Well, college basketball fans, ODU a 14th seed. CUSA sucks!
No CUSA in NIT.
14 seed is where ODU belonged based on the metrics. 13 seed was the highest anyone ever had the Monarchs and even they said that was going to be a stretch.
And ODU was the only NIT team that C-USA could have gotten.
The selection committee looked to be more even-handed regarding non-power conference NCAA bids this year than the last several years.
Last edited by FriscoDawg; 03-17-2019 at 09:33 PM.
Belch champ is a 14th, SLC champ is a 15th, SWAC champ thrown a bone, only cuz they have to, and is in a play-in game just to reach a 16th seed. Woe!
Meanwhile, some of our former mates faired a little better: New Mexico State, the WAC Champ is a 12th, and Nevada and Utah State are 7th and 8th seeds. We used to "run with the big dogs," now "we just hide under the porch."
Oh well! I'll be rooting for the Loyola-Chicago team of 2019! Whoever that might be. In years past, Butler, VCU, George Mason, and L-C last year "shocked" the world and made great runs. And last year, for the first time ever, a 16th beat a #1 seed, Maryland-Baltimore County over UVA, yeah baby, loved it! That's the reason I watch the tourney, just to root for the underdogs.
Go Yale!
''Don't be a bad dagh..."
Just to show you how little respect the non-power schools have in this whole process, UNC-Greensboro was a No. 1 seed in the NIT field and their 1st round game didn't make television. They were relegated to ESPN3.
As Dawg06 pointed out in another thread last year the NIT selection committee does everything in its power with its seeds to get the non-power schools out of the way before Madison Square Garden. If the NCAA Selection Committee didn't mandate it with its "First Four Out" rule, UNCG would be no higher than a 3 seed in the NIT.

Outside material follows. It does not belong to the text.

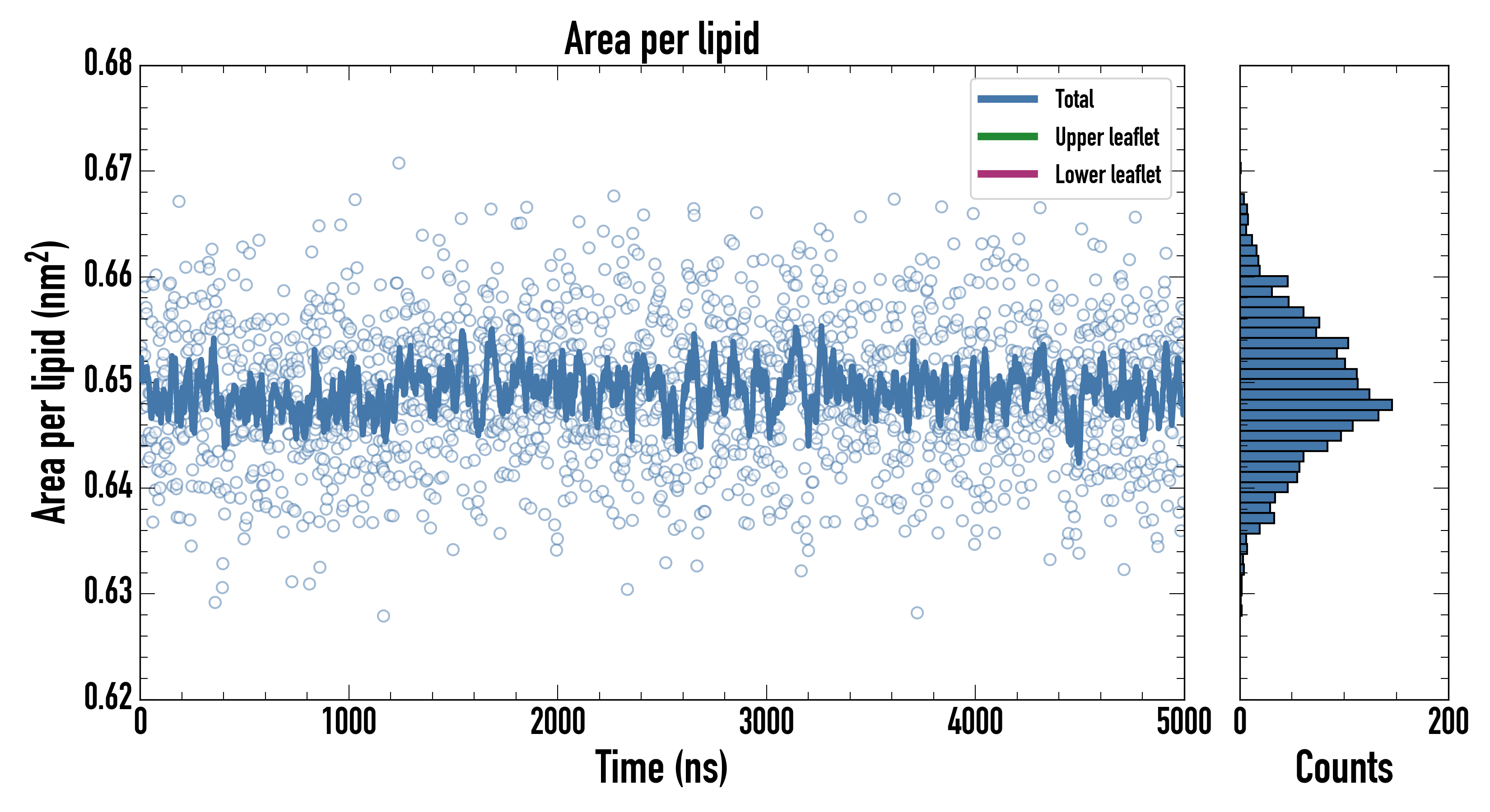 Upper leaflet (nm2): 0.64915000 ± 0.00108977

It's obvious that no matter what changes are made to the formula the same old biases on the Committee aren't going away. St. John's makes the field with a NET ranking of 73 and an RPI of 66, while UNC-Greensboro is left out with a NET ranking of 60 and an RPI 31.
St. John's only left the New York area once before the new year, ended up with a losing conference record, and the final few weeks of the season lost to DePaul before losing to Marquette in the Big East tournament by 32 points. Yet they got into the field before being manhandled by Arizona State.
UNCG coach Wes Miller goes on SiriusXM this week and - being young and new to all of this - didn't understand the politics of it all. He said he was surprised that the head of the selection committee Stanford AD Bernard Muir was critical of his team's resume. Muir pointed out in interviews that UNCG hadn't beaten any top tier teams, particularly in non-conference play.
Miller said that he tried to schedule as tough as he could, calling schools in every power league. Only a handful called him back and only 2 agreed to schedule him - Kentucky and LSU. So the committee chair expected him to upset either LSU, which had its best team in 13 years, or Kentucky in Rupp Arena. Good luck with that.
Can someone explain to me why two #11 seeds play in a "play-in" game? Never mind if St. John's should have been one of them, but why, in general does this happen? Seems to me if the committee thinks they are #11 seeds then they should be inserted into the bracket, the field of 64, as a #11. If they insist on having a field of 68, then those 4 games, 8 teams, should be the 4 #15s and 4 #16s.
https://www.latimes.com/sports/sport...318-story.html
The 4 lowest auto-bids & 4 lowest at-large bids according to the article.
If you compare how good many of the small conferences were in the mid-80s to how few of them are any good today, you can see that the way the NCAA has used the RPI has had exactly the effect they hoped it would have. It made the money schools more attractive and the small conference schools less so. Why should I go play for La. Tech if I can go 26-2 but miss the tourney because some team got hot in our conference championship? Might as well take a shot with TCU or Ole Miss or some other team that will get in if they just win half their conference games.